With increasing age males are likely to develop benign prostatic hyperplasia (BPH), a condition of urethral obstruction characterised by proliferation of prostatic stromal tissue as well as increased prostatic contractility. We have recently demonstrated that spontaneous electrical activity can be recorded in the stromal layer of the guinea-pig prostate (1). In this study, t he role of mitochondria and internal Ca2+ stores in the generation of slow wave activity in the guinea-pig prostate was examined using intracellular microelectrodes. Prostates were removed from guinea-pigs (250-350g) killed humanely by stunning and exsanguination. Saccular glands were pinned to the bottom of an organ bath, which was subsequently mounted on an inverted microscope stage and perfused with physiological saline solution (35°C). Two distinctly different types of spontaneous electrical recordings were recorded in the guinea pig prostate. The majority (85%) of impaled cells (n=143) displayed ‘slow wave' activity which consisted of a depolarizing transient (14 mV in amplitude) with a 1-6 nifedipine-sensitive spikes superimposed while 15% of cells displayed a simple ‘pacemaker' biphasic depolarization (37 mV in amplitude) which was unaffected by nifedipine (1 μM). Both electrical waveforms occurred at a frequency of 5-6 min-1. In the presence of nifedipine, application of the mitochondrial uncouplers, FCCP or CCCP (1-3 μM) depolarised the membrane (8-10mV) before abolishing electrical activity.

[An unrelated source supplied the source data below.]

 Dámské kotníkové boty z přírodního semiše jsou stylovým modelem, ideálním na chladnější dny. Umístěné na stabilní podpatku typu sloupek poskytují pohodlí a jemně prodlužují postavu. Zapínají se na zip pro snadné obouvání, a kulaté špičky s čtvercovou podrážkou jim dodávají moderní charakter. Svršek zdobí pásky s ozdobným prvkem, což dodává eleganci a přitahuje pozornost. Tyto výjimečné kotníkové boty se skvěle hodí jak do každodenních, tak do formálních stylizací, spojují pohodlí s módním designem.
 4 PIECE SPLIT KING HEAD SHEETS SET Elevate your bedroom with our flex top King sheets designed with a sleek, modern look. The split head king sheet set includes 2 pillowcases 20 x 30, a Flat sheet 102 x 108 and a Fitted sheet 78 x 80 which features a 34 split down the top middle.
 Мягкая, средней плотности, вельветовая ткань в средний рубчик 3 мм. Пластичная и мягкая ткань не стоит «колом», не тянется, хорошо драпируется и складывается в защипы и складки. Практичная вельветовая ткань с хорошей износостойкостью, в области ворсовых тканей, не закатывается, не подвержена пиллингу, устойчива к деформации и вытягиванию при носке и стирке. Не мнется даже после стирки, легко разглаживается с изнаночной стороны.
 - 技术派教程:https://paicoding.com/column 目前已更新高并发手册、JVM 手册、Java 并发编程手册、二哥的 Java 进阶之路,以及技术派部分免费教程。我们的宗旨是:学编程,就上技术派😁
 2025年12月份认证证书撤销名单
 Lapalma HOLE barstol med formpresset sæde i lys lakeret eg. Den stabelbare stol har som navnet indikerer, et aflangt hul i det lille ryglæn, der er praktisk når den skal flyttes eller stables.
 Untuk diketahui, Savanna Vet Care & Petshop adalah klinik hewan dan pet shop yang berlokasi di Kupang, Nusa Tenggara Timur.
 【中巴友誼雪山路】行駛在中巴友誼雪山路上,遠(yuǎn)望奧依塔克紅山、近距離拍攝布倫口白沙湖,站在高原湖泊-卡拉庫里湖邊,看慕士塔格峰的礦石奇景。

Blockade of inositol trisphosphate (IP3)-mediated Ca2+ release with 2-aminoethoxy-diphenylborate (2-APB 60 μM) or phospholipase C and IP3 formation using U73122 (5 μM) or neomycin (1 and 4 mM) significantly reduced slow wave frequency, amplitude and duration. These results suggest that mitochondrial or IP3-dependent release of Ca2+ from intracellular stores is likely to have a modulatory role in the regulation of the frequency and time-course of slow wave activity in the guinea-pig prostate.

(1) Exintaris, B., M.F. Klemm, and R.J. Lang, J Urol, 2002. 168(1): 315-22.